WHAT IS BEING ASKED> Every line from the start of the records through the line with "Ботильоны женские , чистая" is to be written out exactly; pictures are not.

SUPPLIED INFORMATION>
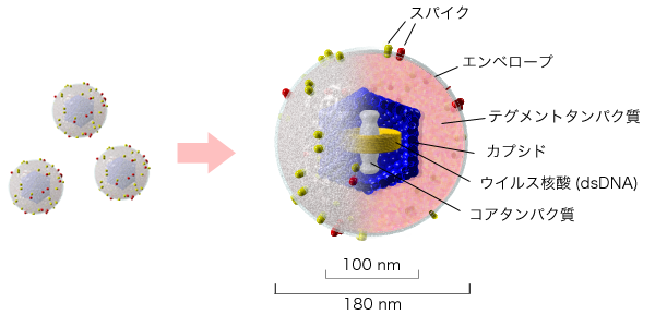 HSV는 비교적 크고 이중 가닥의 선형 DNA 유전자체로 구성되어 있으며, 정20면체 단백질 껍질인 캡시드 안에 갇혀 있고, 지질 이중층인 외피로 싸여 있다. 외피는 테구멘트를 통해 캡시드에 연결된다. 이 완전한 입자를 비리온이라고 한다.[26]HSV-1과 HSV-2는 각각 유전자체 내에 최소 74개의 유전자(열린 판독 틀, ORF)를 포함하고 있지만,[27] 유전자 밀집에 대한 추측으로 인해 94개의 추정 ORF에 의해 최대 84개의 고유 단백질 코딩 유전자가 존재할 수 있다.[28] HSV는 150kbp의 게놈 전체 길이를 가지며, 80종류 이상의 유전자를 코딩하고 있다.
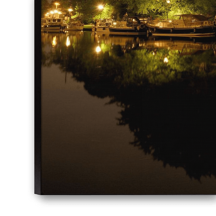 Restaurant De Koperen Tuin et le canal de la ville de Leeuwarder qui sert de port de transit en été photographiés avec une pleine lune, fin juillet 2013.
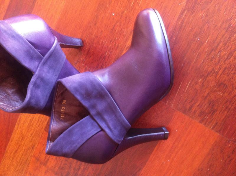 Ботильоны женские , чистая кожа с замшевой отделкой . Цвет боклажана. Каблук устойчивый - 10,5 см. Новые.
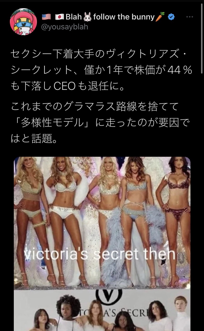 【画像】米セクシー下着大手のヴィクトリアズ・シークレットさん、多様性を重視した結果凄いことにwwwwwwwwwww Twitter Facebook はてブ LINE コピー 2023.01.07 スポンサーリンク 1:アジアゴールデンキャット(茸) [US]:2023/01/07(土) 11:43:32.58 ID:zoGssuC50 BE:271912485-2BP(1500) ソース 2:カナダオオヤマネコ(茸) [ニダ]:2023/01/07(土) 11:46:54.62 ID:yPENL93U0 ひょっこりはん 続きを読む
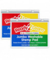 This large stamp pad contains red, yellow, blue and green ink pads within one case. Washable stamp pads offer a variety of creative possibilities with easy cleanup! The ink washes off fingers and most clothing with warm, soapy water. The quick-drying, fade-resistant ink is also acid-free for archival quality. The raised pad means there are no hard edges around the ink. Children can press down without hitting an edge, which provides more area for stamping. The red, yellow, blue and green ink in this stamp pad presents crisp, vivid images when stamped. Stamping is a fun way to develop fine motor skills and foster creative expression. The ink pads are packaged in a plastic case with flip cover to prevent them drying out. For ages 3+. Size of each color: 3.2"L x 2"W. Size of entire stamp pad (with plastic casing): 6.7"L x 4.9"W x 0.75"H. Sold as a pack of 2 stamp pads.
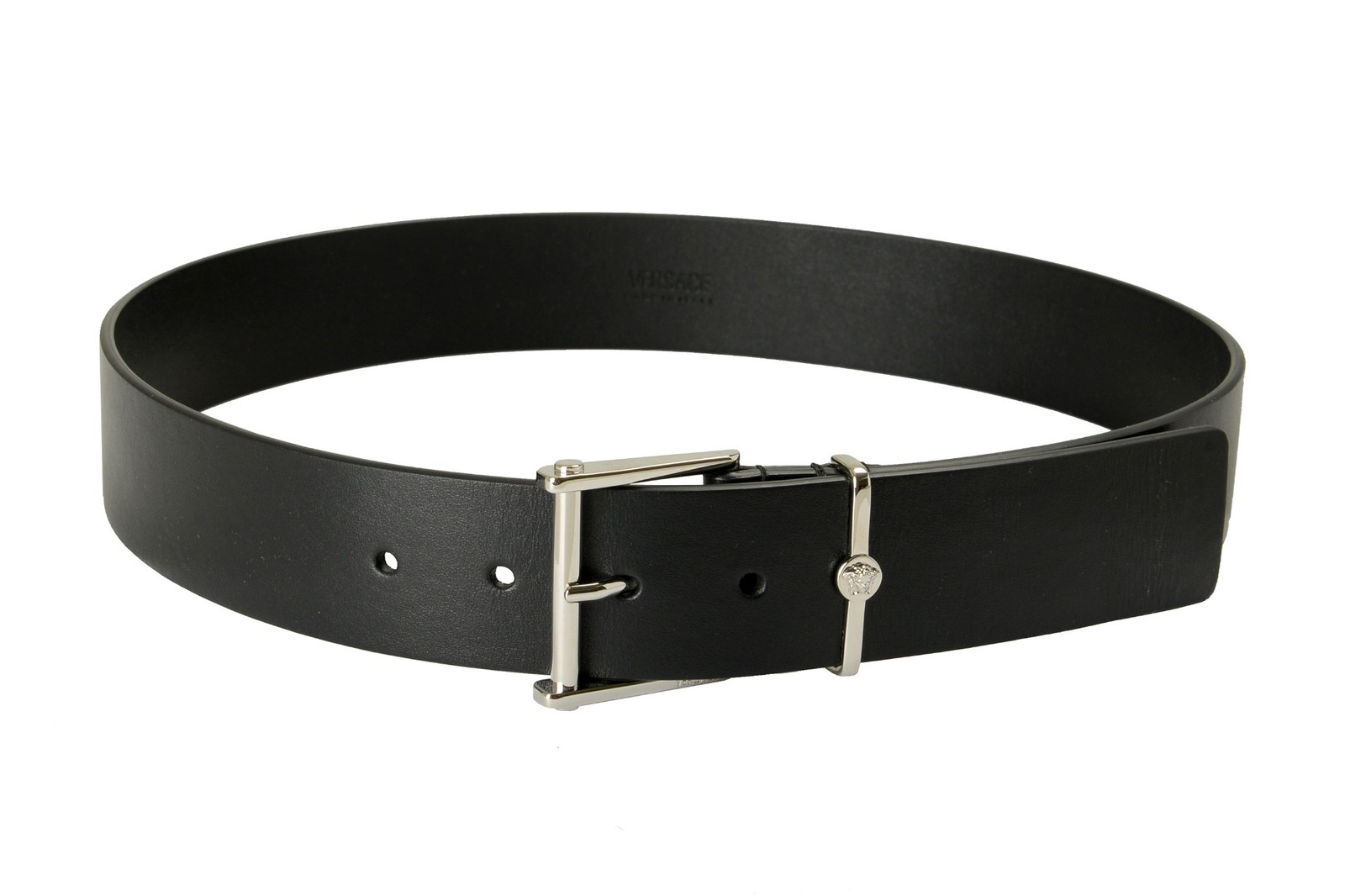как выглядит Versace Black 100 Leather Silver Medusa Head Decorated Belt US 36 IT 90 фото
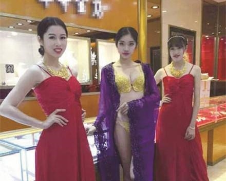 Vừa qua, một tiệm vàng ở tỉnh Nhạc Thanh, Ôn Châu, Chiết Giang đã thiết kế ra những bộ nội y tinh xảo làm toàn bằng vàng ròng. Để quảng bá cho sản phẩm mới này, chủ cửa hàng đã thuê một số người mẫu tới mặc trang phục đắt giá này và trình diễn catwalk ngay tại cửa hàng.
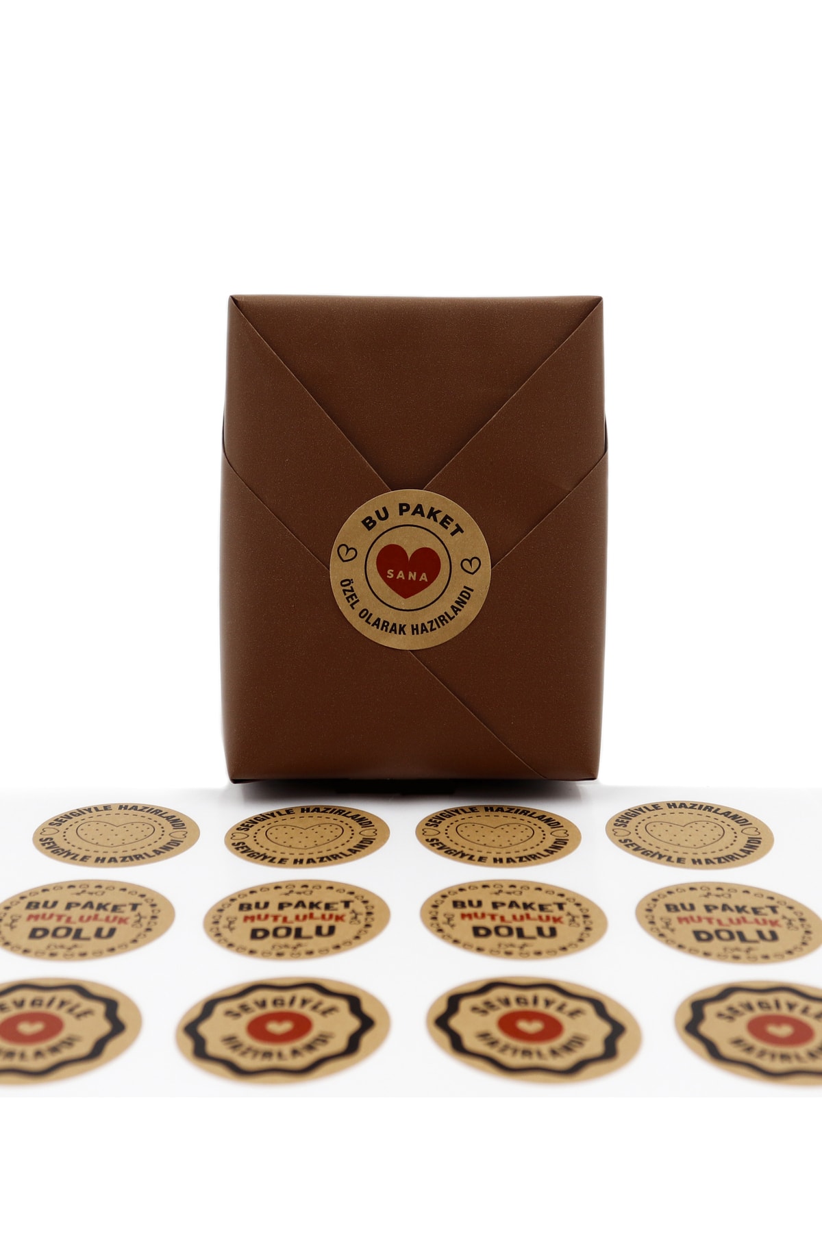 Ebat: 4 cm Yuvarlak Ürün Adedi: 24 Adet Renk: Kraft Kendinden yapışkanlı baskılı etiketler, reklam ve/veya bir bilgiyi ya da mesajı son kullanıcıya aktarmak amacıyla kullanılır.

EXERCISE RESPONSE>
 HSV는 비교적 크고 이중 가닥의 선형 DNA 유전자체로 구성되어 있으며, 정20면체 단백질 껍질인 캡시드 안에 갇혀 있고, 지질 이중층인 외피로 싸여 있다. 외피는 테구멘트를 통해 캡시드에 연결된다. 이 완전한 입자를 비리온이라고 한다.[26]HSV-1과 HSV-2는 각각 유전자체 내에 최소 74개의 유전자(열린 판독 틀, ORF)를 포함하고 있지만,[27] 유전자 밀집에 대한 추측으로 인해 94개의 추정 ORF에 의해 최대 84개의 고유 단백질 코딩 유전자가 존재할 수 있다.[28] HSV는 150kbp의 게놈 전체 길이를 가지며, 80종류 이상의 유전자를 코딩하고 있다.
 Restaurant De Koperen Tuin et le canal de la ville de Leeuwarder qui sert de port de transit en été photographiés avec une pleine lune, fin juillet 2013.
 Ботильоны женские , чистая кожа с замшевой отделкой . Цвет боклажана. Каблук устойчивый - 10,5 см. Новые.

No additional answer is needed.